Es war nicht nur eine gelungene Überraschung, sondern auch ein einzigartiges Debüt: Bundesliga-Schiedsrichter Knut Kircher betrat am vergangenen Sonntag, 3. April, den Rasen des Weissbacher Sportplatzes - und nicht nur die rund 270 Zuschauer der Bezirksliga-Partie des SGM Weissbach/Niedernhall gegen den SV Mulfingen 1926 wunderten sich, sondern vor allem Niedernhall-Trainer Wolfgang Walz. Denn dieser ahnte nicht, dass er schon bald von seinem Freund und Weggefährten Knut Kircher überrascht werden würde. Ein Achtliga-Duell mit zwei Erfahrenen aus einem früheren Bundesliga-Gespann. Und das in Premieren-Konstellation auf dem Platz: Walz als Trainer. Kircher als Schiedsrichter.
Wolfgang Walz und Knut Kircher lernten sich in der Schiedsrichterei in Württemberg kennen und schätzen. Walz pfiff damals in der 2. Liga und war als Schiri-Assistent in der Bundesliga an der Linie. Kircher leitete Bundesliga-Partien, beide bildeten sieben Jahre lang ein Gespann auf dem Platz. „Bald verband uns ein freundschaftliches Verhältnis“, berichtet Knut Kircher, der dann einen Plan schmiedete. Damit die große Überraschung gelingen konnte, fragte der 47-Jährige vor einigen Wochen beim Schiedsrichteransetzer an. Und es klappte. „Es war wie eine Rückkehr zu meinen Wurzeln. Ich setzte mich mit einem Lächeln im Gepäck ins Auto und wusste, ich kann ein Treffen mit einem guten Freund mit meiner Passion verbinden“, sagt Kircher.
"Ich musste mich erstmal wieder umgewöhnen. Wenn ein Pass aus den hinteren Reihen auf den Stürmer kommt, schaue ich normalerweise zu meinem Assistenten. Hier bin ich auf mich allein gestellt"
Normalerweise pfeift der Referee vom TSV Hirschau die ganz großen Partien. Hochklassige Bundesliga-Begegnungen gehören seit der Saison 2001/02 zum Alltag von Knut Kircher, 2008 pfiff das DFVB-Pokalfinale zwischen Borussia Dortmund und Bayern München (1:2 n.V.). Von 2004 bis 2012 leitete er auch internationale Spiele der Fifa. Am Sonntag stand Kircher dann also zum ersten Mal wieder auf einem Dorfsportplatz.
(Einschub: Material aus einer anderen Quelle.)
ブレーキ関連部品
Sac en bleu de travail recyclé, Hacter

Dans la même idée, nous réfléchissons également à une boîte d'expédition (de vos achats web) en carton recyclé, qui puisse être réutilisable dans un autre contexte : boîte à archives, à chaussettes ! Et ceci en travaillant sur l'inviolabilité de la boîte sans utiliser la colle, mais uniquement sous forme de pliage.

„Wolfang Walz war sehr erstaunt, aber auch sehr erfreut, mich zu sehen, denke ich“, so Knut Kircher. Die Freude über den prominenten Besuch übertrug sich auch auf die Leistung der Mannschaft des SGM Weissbach/Niedernhall. Keine 15 Minuten nach Spielbeginn köpfte Patrick Strandt nach einem Freistoß von Stefan Beez zum 1:0 ein. Kurz vor der Pause traf Kim Foss zum 2:0. In der 55. Minute netzte Yannik Braun ein und machte zwölf Minuten später mit dem Treffer zum 4:1 das Spektakel perfekt. Am Ende der Partie musste Kircher Gelb zücken: „Die gelbe Karte gab es für die Verhinderung der schnellen Ausführung eines Freistoßes. Ich mache keine Unterschiede zwischen der Bundesliga und der Bezirksliga. Die Regeln des Fußball sind überall gleich."
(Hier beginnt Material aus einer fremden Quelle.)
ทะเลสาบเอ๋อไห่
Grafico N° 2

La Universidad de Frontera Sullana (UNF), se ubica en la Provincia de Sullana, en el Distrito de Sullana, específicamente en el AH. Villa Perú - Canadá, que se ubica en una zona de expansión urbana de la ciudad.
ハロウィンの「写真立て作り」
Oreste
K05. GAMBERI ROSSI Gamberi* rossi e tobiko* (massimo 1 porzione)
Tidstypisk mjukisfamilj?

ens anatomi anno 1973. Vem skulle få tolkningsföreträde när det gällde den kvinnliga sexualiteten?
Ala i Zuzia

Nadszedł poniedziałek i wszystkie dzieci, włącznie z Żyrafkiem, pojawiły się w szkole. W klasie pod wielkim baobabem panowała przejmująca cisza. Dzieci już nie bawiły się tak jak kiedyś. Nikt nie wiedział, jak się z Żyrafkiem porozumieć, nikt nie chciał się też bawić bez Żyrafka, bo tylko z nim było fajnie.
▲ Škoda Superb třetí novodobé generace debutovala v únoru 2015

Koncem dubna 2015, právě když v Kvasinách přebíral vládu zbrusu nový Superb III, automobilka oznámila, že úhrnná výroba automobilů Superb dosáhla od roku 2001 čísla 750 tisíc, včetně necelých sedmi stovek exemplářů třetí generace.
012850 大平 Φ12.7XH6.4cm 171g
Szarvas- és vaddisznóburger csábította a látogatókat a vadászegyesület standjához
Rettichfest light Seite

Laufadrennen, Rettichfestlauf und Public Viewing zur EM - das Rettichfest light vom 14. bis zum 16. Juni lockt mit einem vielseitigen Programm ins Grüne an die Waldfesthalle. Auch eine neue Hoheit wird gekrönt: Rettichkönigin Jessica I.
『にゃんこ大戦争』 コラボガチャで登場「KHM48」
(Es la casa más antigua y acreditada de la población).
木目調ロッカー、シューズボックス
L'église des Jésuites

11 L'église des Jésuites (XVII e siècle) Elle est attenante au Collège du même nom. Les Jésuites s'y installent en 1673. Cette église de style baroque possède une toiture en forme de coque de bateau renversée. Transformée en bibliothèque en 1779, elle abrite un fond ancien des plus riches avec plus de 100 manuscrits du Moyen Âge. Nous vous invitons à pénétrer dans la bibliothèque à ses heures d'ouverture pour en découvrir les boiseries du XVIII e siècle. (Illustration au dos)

Auf die Augen seiner gewohnten Schiedsrichter-Assistenten konnte der 47-Jährige diesmal nicht zurückgreifen. Kircher: "Ich musste mich erstmal wieder umgewöhnen. Wenn ein Pass aus den hinteren Reihen auf den Stürmer kommt, schaue ich normalerweise zu meinem Assistenten. Hier bin ich auf mich allein gestellt. Ich bin ein Einzelkämpfer auf dem Platz." Unterschiede zwischen der Bundesliga und dem Amateurfußball sieht er kaum. „Der Grundgedanke ist auf jeder Ebene gleich. Zwei ambitionierte Mannschaften treffen in einem sportlich, fairen Wettkampf aufeinander und wollen ihr Bestes geben. Sie haben Anspruch auf einen motivierten Schiedsrichter und diesem will ich gerecht werden.“
"Beruflich" endet die Laufbahn von Knut Kircher als Bundesliga-Referee mit dem Ende dieser Saison am 14. Mai - pünktlich zu seinem 30-jährigen Schiedsrichterjubiläum. Ganz an den Nagel will er seine Pfeife dann jedoch noch nicht hängen. „Ab und an werde ich sicher nochmal eine Partie im Jugendbereich oder ein Benefizspiel leiten."